PROVIDED RECORDS:
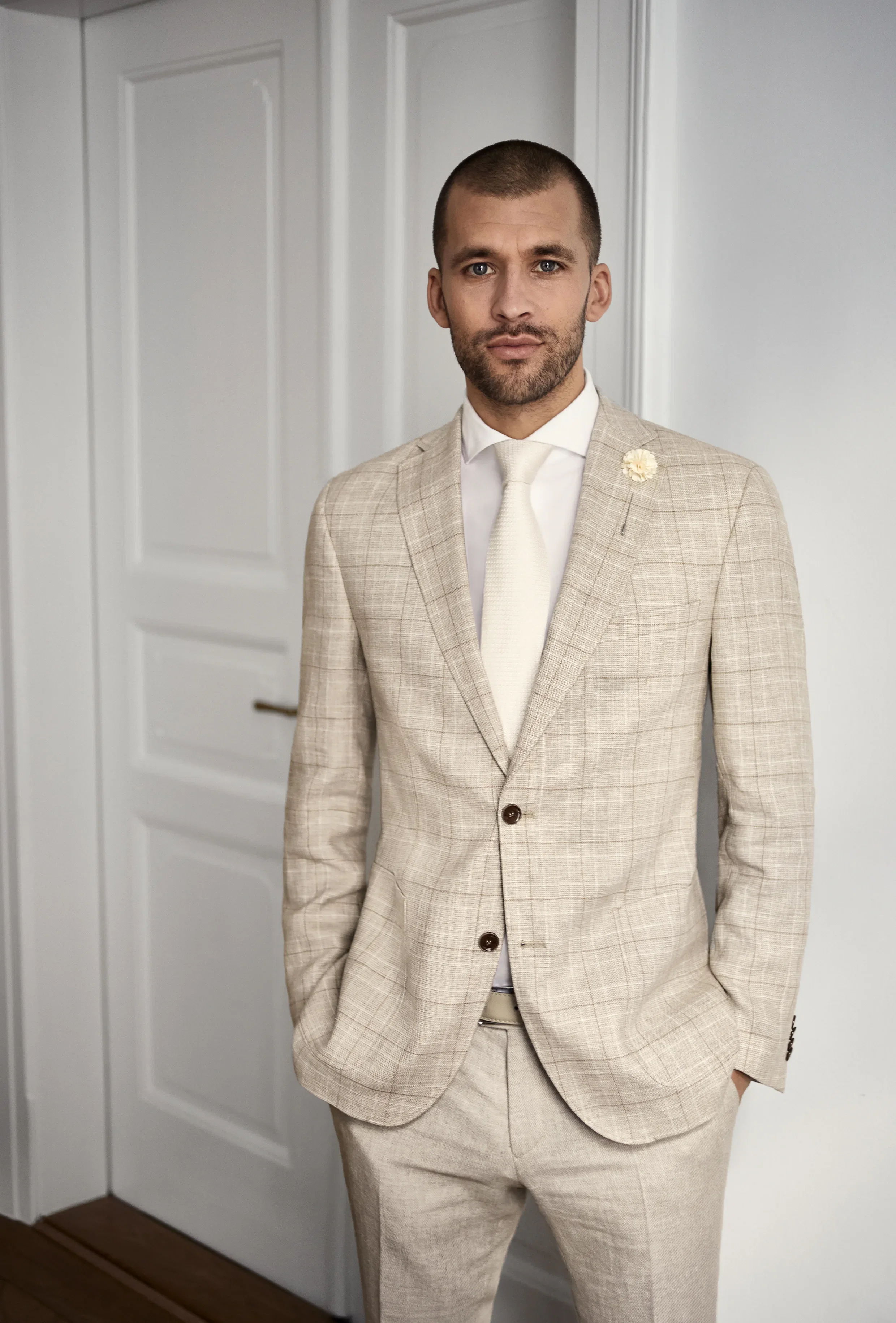 Als bruidegom kun je ervoor kiezen om een donker pak te dragen met een nette stropdas, maar er zijn ook andere opties. Een lichter pak, zoals een lichtgrijs of beige pak, kan ook heel mooi zijn voor een zomerse bruiloft. Een colbert of blazer met een nette pantalon is ook een mogelijkheid, zolang de kleuren en materialen goed bij elkaar passen en het geheel er netjes en stijlvol uitziet.
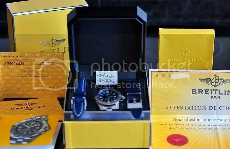 El reloj se entrega con absolutamente todo su set: Caja amarilla exterior, caja interior de baquelita, cajita amarilla portadocumentos, certificado C.O.S.C, garantía sellada en distribuidor nacional en 2005, librillo de instrucciones y de distribuidores Breitling... TODO! y, además, se incluye:
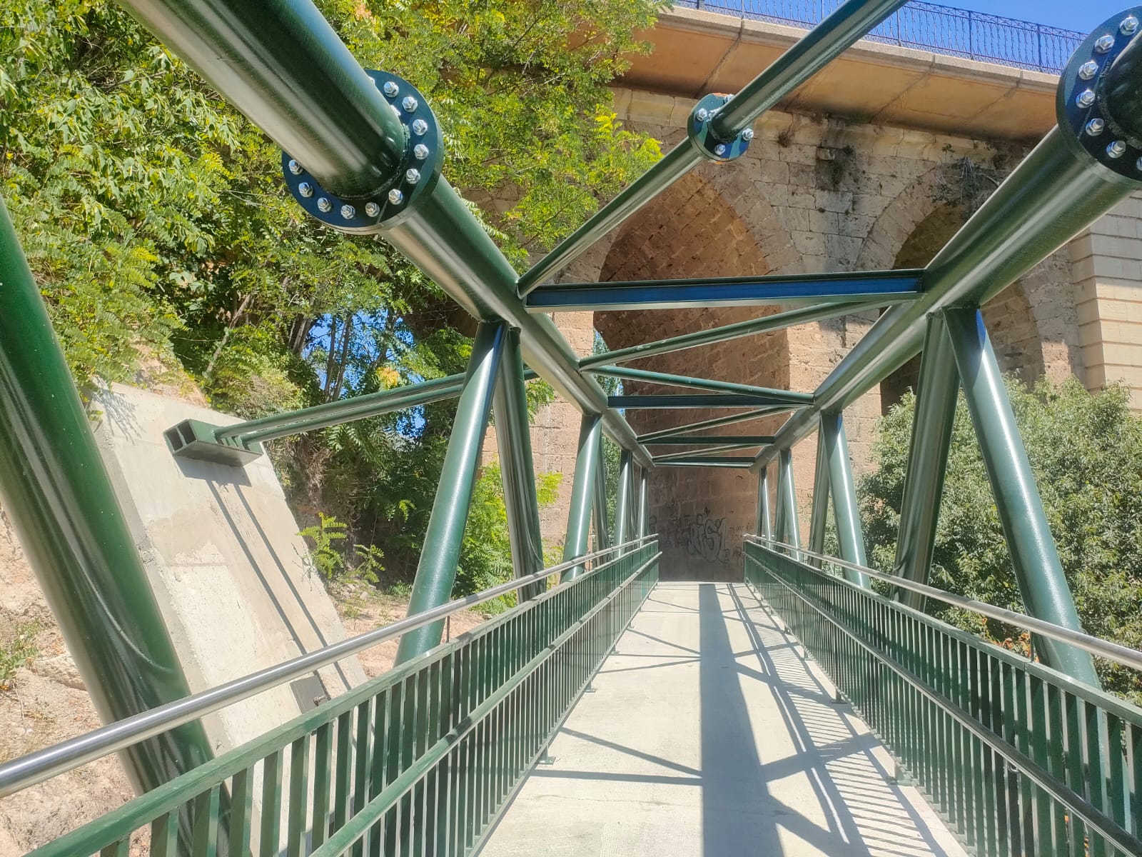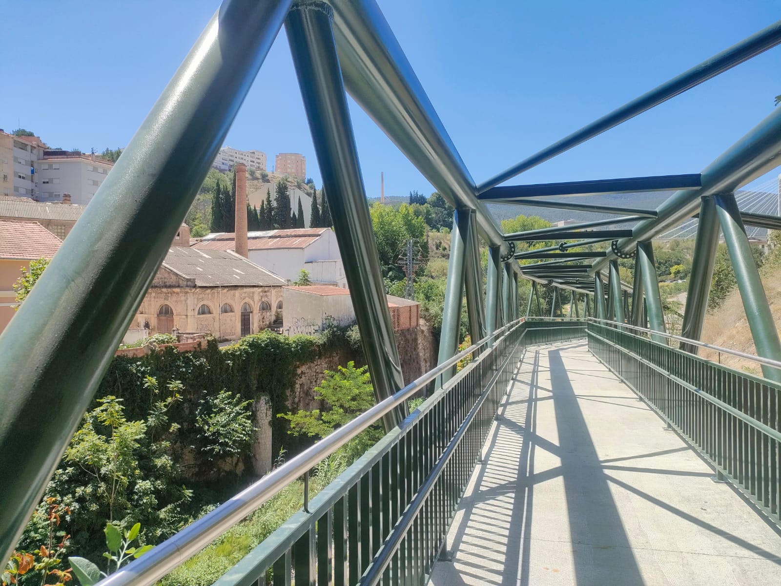 I ara es pot, per fi, fer ús d’aquesta. La passarel·la connecta els dos trams per als vianants a banda i banda del pont de Maria Cristina, al costat del parc de Cervantes a Alcoi.
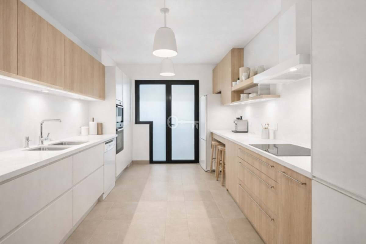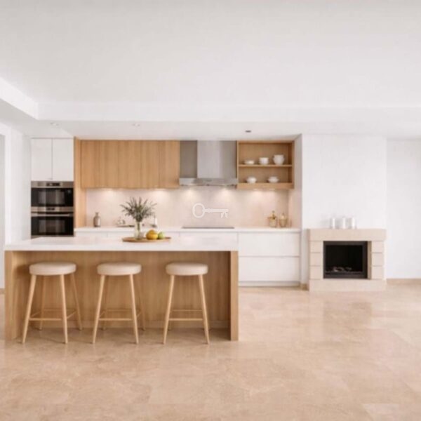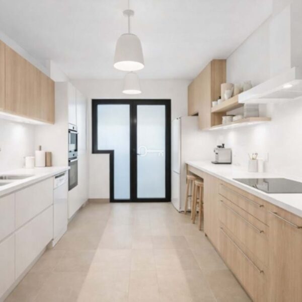 The new owner has several options: the kitchen can be reinstalled in its original location, returning the apartment to a two-bedroom layout, or it can be integrated into the living area as an open-plan kitchen, allowing the property to be configured as a three-bedroom apartment.
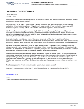 W DNIACH OSTATECZNYCH Published on World Challenge (https://worldchallenge.org) W DNIACH OSTATECZNYCH David Wilkerson October 1, 2015 Teraz ?yjemy w biblijnym okresie znanym jako „pó?ny deszcz” i Bo?y plan zosta? uruchomiony. Po ca?ym ?wiecie wysokie mury miasta szatana upadaj?. Pomy?lcie o tym co si? sta?o z komunizmem. Literalne mury upad?y w Niemczech, Rosji i w ca?ej Europie wschodniej. Miliony ludzi, którzy kiedy? ?yli pod tyrani? szatana, staje si? wolnymi i wielu s?yszy ewangeli? zwiastowan? po raz pierwszy. „Mocni ludzie” kiedy? zatwardzeni w grzechu, teraz wielbi? Boga. Mówi? wam, ?yjemy w szczególnym czasie. Nigdy dot?d nie widzia?em czego? takiego w moich ponad pi??dziesi?ciu latach s?u?by kaznodziejskiej. Nasz zespó? prowadzi? ewangelizacj? w Nigerii i 500 000 ludzi przysz?o w pierwszy wieczór. Jest tam taki g?ód Boga, który wydaje si? bezprecedensowy, kiedy widzimy rzeczy, które kiedy? wydawa?y si? niemo?liwe. Jeden z tych cudów ma miejsce w Iranie. Kilka dekad temu moja ksi??ka Krzy? i sztylet zosta?a tam wydrukowana. Ocenia si?, ?e zosta?o rozprowadzonych 25.000 egzemplarzy. Równie? film Jezus by? pokazywany w tajemnicy dla setek grup. Teraz setki tysi?cy Ira?czyków przyjmuj? zbawienie poprzez takie poselstwa ewangelii. Niedawno otrzyma?em poruszaj?cy raport na temat programu Teen Challenge w kraju ?rodkowego Wschodu, którego nazwy nie mog? podawa?. Ten Islamski kraj jest n?kany przez alkoholizm i narkotyki. W?adze tego kraju przyznaj?, ?e ten problem ich przerasta, ale poprzez wybawiaj?c? moc Jezusa Chrystusa, program Teen Challenge wyprodukowa? setki absolwentów, którzy zostali zbawieni, wyratowani i uwolnieni. Jeden z jego absolwentów jest tam teraz liderem denominacji Zielono?wi?tkowej. Mówi?, ?e bos narodowej mafii narkotykowej uczestniczy? w ceremonii zako?czenia programu. Ten prominentny lider Islamski s?ysza? dziesi?tki m?odych m??czyzn, którzy wstawali i ?wiadczyli o tym, jak Jezus uzdrowi? ich z ich uzale?nienia. (Ten bos prawdopodobnie nie wiedzia?, ?e ponad stu absolwentów posz?o, aby zak?ada? ko?cio?y w tym narodzie). W?adze tego kraju teraz uznaj? Teen Challenge jako najbardziej skuteczny program w walce z narkotykami w tym kraju. To si? dzieje po ca?ym ?wiecie w niewiarygodny sposób. Mury szatana upadaj?! „I stanie si? w ostateczne dni, mówi Bóg, ?e wylej? Mojego Ducha na wszelkie cia?o” (Dz. Ap. 2:17). Download PDF [1] Links [1] http://sermons.worldchallenge.org/printpdf/6050/ Page 1 of 1
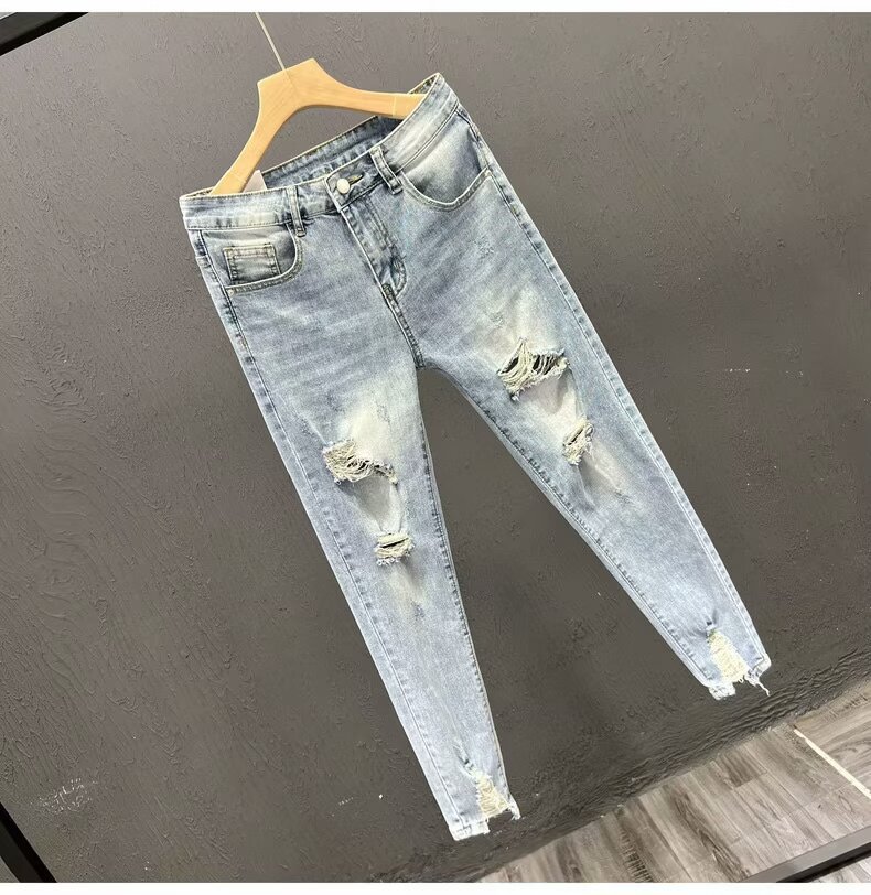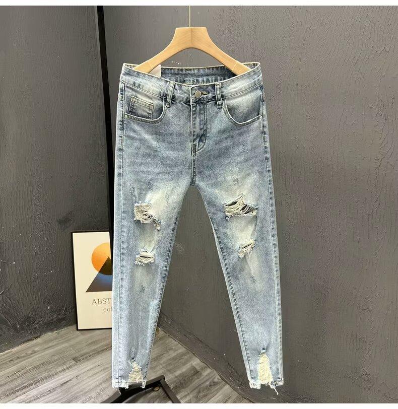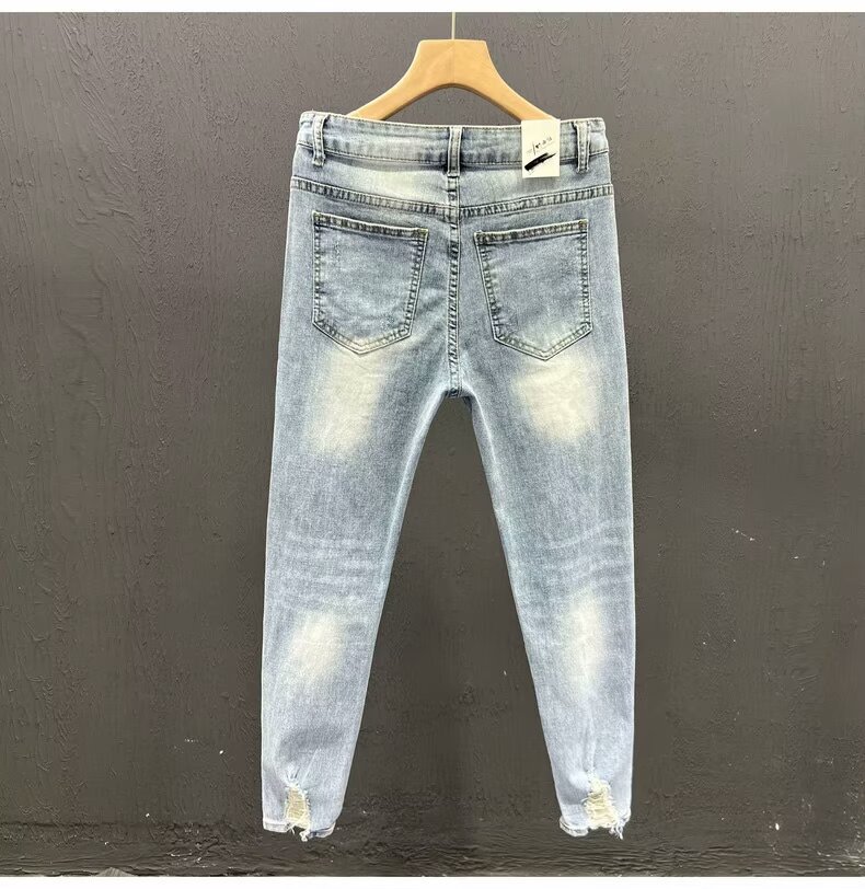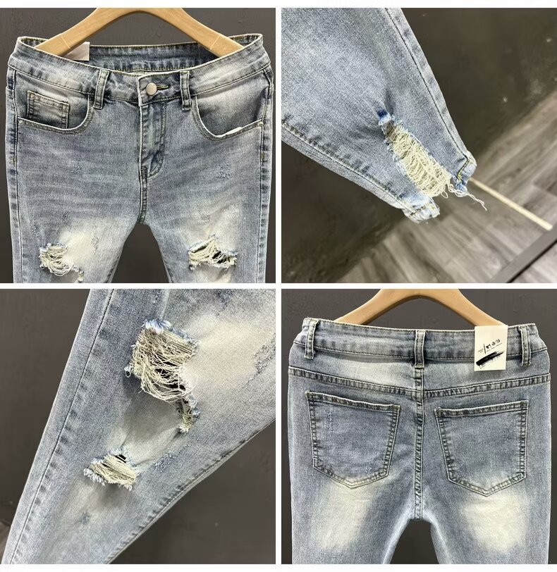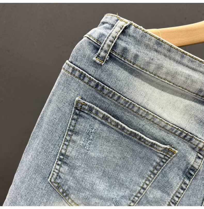 자른 찢어진 청바지 남자 2024 새로운 스트레이트 느슨한 미국 스타일 하이 스트리트 남자 바지 유행 브랜드 작은 발 드레스스토어 가기

ASSIGNED TASK: What you return must match the records line for line, with the pictures left out.

FINAL ANSWER:
 Als bruidegom kun je ervoor kiezen om een donker pak te dragen met een nette stropdas, maar er zijn ook andere opties. Een lichter pak, zoals een lichtgrijs of beige pak, kan ook heel mooi zijn voor een zomerse bruiloft. Een colbert of blazer met een nette pantalon is ook een mogelijkheid, zolang de kleuren en materialen goed bij elkaar passen en het geheel er netjes en stijlvol uitziet.
 El reloj se entrega con absolutamente todo su set: Caja amarilla exterior, caja interior de baquelita, cajita amarilla portadocumentos, certificado C.O.S.C, garantía sellada en distribuidor nacional en 2005, librillo de instrucciones y de distribuidores Breitling... TODO! y, además, se incluye:
 I ara es pot, per fi, fer ús d’aquesta. La passarel·la connecta els dos trams per als vianants a banda i banda del pont de Maria Cristina, al costat del parc de Cervantes a Alcoi.
 The new owner has several options: the kitchen can be reinstalled in its original location, returning the apartment to a two-bedroom layout, or it can be integrated into the living area as an open-plan kitchen, allowing the property to be configured as a three-bedroom apartment.
 W DNIACH OSTATECZNYCH Published on World Challenge (https://worldchallenge.org) W DNIACH OSTATECZNYCH David Wilkerson October 1, 2015 Teraz ?yjemy w biblijnym okresie znanym jako „pó?ny deszcz” i Bo?y plan zosta? uruchomiony. Po ca?ym ?wiecie wysokie mury miasta szatana upadaj?. Pomy?lcie o tym co si? sta?o z komunizmem. Literalne mury upad?y w Niemczech, Rosji i w ca?ej Europie wschodniej. Miliony ludzi, którzy kiedy? ?yli pod tyrani? szatana, staje si? wolnymi i wielu s?yszy ewangeli? zwiastowan? po raz pierwszy. „Mocni ludzie” kiedy? zatwardzeni w grzechu, teraz wielbi? Boga. Mówi? wam, ?yjemy w szczególnym czasie. Nigdy dot?d nie widzia?em czego? takiego w moich ponad pi??dziesi?ciu latach s?u?by kaznodziejskiej. Nasz zespó? prowadzi? ewangelizacj? w Nigerii i 500 000 ludzi przysz?o w pierwszy wieczór. Jest tam taki g?ód Boga, który wydaje si? bezprecedensowy, kiedy widzimy rzeczy, które kiedy? wydawa?y si? niemo?liwe. Jeden z tych cudów ma miejsce w Iranie. Kilka dekad temu moja ksi??ka Krzy? i sztylet zosta?a tam wydrukowana. Ocenia si?, ?e zosta?o rozprowadzonych 25.000 egzemplarzy. Równie? film Jezus by? pokazywany w tajemnicy dla setek grup. Teraz setki tysi?cy Ira?czyków przyjmuj? zbawienie poprzez takie poselstwa ewangelii. Niedawno otrzyma?em poruszaj?cy raport na temat programu Teen Challenge w kraju ?rodkowego Wschodu, którego nazwy nie mog? podawa?. Ten Islamski kraj jest n?kany przez alkoholizm i narkotyki. W?adze tego kraju przyznaj?, ?e ten problem ich przerasta, ale poprzez wybawiaj?c? moc Jezusa Chrystusa, program Teen Challenge wyprodukowa? setki absolwentów, którzy zostali zbawieni, wyratowani i uwolnieni. Jeden z jego absolwentów jest tam teraz liderem denominacji Zielono?wi?tkowej. Mówi?, ?e bos narodowej mafii narkotykowej uczestniczy? w ceremonii zako?czenia programu. Ten prominentny lider Islamski s?ysza? dziesi?tki m?odych m??czyzn, którzy wstawali i ?wiadczyli o tym, jak Jezus uzdrowi? ich z ich uzale?nienia. (Ten bos prawdopodobnie nie wiedzia?, ?e ponad stu absolwentów posz?o, aby zak?ada? ko?cio?y w tym narodzie). W?adze tego kraju teraz uznaj? Teen Challenge jako najbardziej skuteczny program w walce z narkotykami w tym kraju. To si? dzieje po ca?ym ?wiecie w niewiarygodny sposób. Mury szatana upadaj?! „I stanie si? w ostateczne dni, mówi Bóg, ?e wylej? Mojego Ducha na wszelkie cia?o” (Dz. Ap. 2:17). Download PDF [1] Links [1] http://sermons.worldchallenge.org/printpdf/6050/ Page 1 of 1
 자른 찢어진 청바지 남자 2024 새로운 스트레이트 느슨한 미국 스타일 하이 스트리트 남자 바지 유행 브랜드 작은 발 드레스스토어 가기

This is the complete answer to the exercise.